▶ To do: Repeat, exactly as written, the lines from the one with "胡锦涛向师昌绪院士、王振义院士颁奖" to the final line of the listing, and keep every picture out.

***** Source material

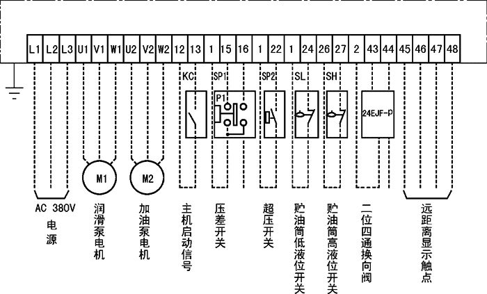 本控制箱能發(fā)出“供油時(shí)間延長”、“貯油筒空”、“超負(fù)荷運(yùn)轉(zhuǎn)”等故障信號(hào)。具有持續(xù),手動(dòng)和自動(dòng)多種控制工作狀態(tài),可通過箱面上的轉(zhuǎn)換開關(guān)來切換。持續(xù)工作狀態(tài):當(dāng)潤滑泵啟動(dòng)后持續(xù)地向系統(tǒng)兩條主管線供送潤滑脂;手動(dòng)工作狀態(tài):當(dāng)與主機(jī)聯(lián)鎖信號(hào)接通后,手動(dòng)啟動(dòng)潤滑泵運(yùn)轉(zhuǎn)向系統(tǒng)供送潤滑脂,自動(dòng)換向完成一個(gè)潤滑周期供脂后自動(dòng)停止;自動(dòng)工作狀態(tài):當(dāng)與主機(jī)聯(lián)鎖信號(hào)接通后,潤滑泵按系統(tǒng)設(shè)定的時(shí)間間隔定時(shí)向系統(tǒng)供送潤滑脂,完成一個(gè)潤滑周期后自動(dòng)停止。潤滑泵不管在何種狀態(tài),一旦貯油筒空,補(bǔ)脂泵就會(huì)自動(dòng)啟動(dòng)補(bǔ)脂,補(bǔ)滿后自動(dòng)停止。
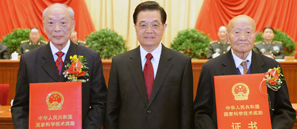 胡锦涛向师昌绪院士、王振义院士颁奖
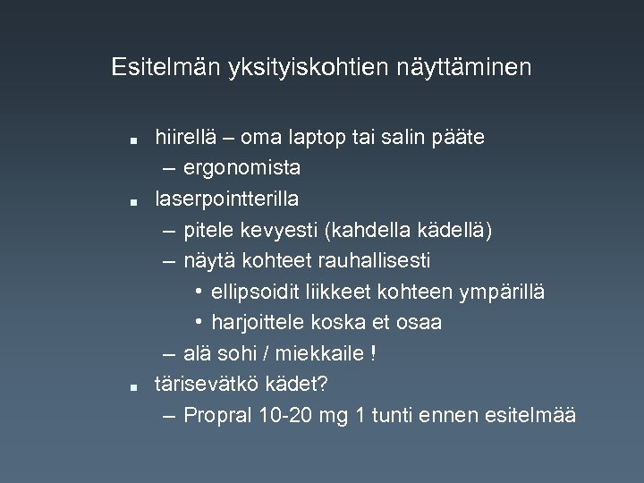 Esitelmän yksityiskohtien näyttäminen n hiirellä – oma laptop tai salin pääte – ergonomista laserpointterilla – pitele kevyesti (kahdella kädellä) – näytä kohteet rauhallisesti • ellipsoidit liikkeet kohteen ympärillä • harjoittele koska et osaa – alä sohi / miekkaile ! tärisevätkö kädet? – Propral 10 -20 mg 1 tunti ennen esitelmää

**********

▶ Answer below:
 胡锦涛向师昌绪院士、王振义院士颁奖
 Esitelmän yksityiskohtien näyttäminen n hiirellä – oma laptop tai salin pääte – ergonomista laserpointterilla – pitele kevyesti (kahdella kädellä) – näytä kohteet rauhallisesti • ellipsoidit liikkeet kohteen ympärillä • harjoittele koska et osaa – alä sohi / miekkaile ! tärisevätkö kädet? – Propral 10 -20 mg 1 tunti ennen esitelmää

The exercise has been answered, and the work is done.